Debug.Print "The Structure resides at " & Ptr
RtlMoveMemory Ptr, ByVal Ptr + 12, 4
Debug.Print "The first element resides at " & Ptr
Else
Debug.Print "The variant contains nothing the array is unintialised"
End If
Case 64 'Flag &H4000 (16384) IsPointer
Debug.Print "The variant contains a pointer to the sub variable"
RtlMoveMemory Ptr, VarByts(8), 4
Debug.Print "The data resides at " & Ptr
Case 96 'Flags &H6000 (24576) IsArray Or IsPointer
RtlMoveMemory Ptr, VarByts(8), 4
RtlMoveMemory Ptr, ByVal Ptr, 4
If Ptr Then
Debug.Print "The variant contains a pointer to a pointer to a safearray structure"

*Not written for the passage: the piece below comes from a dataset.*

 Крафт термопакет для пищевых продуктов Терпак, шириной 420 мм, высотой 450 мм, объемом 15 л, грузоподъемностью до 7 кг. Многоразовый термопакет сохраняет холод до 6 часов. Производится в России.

Debug.Print "The Structure resides at " & Ptr
RtlMoveMemory Ptr, ByVal Ptr + 12, 4
Debug.Print "The first element resides at " & Ptr
Else
Debug.Print "The variant contains a pointer to an unintialised array"
End If
Case Else
Debug.Print ":( Don't know what the variant contains. " & VarByts(1) * 256 & "?" 'let me know if you see this
End Select
''Return addresses confirmed by returning ptr as a function
''DebugVariant = Ptr 'return the address of the variable (first element if array)

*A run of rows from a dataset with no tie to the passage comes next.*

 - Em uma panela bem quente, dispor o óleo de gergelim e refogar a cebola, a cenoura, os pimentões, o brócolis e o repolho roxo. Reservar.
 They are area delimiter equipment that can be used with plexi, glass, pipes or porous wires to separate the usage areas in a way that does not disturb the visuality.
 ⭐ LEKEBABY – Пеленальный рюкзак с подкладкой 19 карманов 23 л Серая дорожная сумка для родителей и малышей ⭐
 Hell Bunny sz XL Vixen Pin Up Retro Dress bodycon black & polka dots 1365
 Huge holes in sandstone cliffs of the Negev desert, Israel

'Extra bit to display the Variants bytes
For i = 15 To 0 Step -1
If i And 1 Then
Select Case i
Case 1: Debug.Print vbNewLine & " Type ";
Case 7: Debug.Print vbNewLine & "Reseved ";
Case 15: Debug.Print vbNewLine & " Data ";
Case Else: Debug.Print "|"; 'for hex output
End Select
End If
Debug.Print Right$("0" & Hex(VarByts(i)), 2); ' & " "; 'for hex output
'Debug.Print Format(VarByts(i), "000 "); 'for dec output'
Next i
Debug.Print
End Sub
If a decimal is passed the reserved bytes are used to make up the missing data (if required).
Re: [RESOLVED] Hacking Variant
I've tested the above by checking the addresses for the right data, it seems to work fine.
It does not explain (it just avoids) the weird stuff with VarPtr.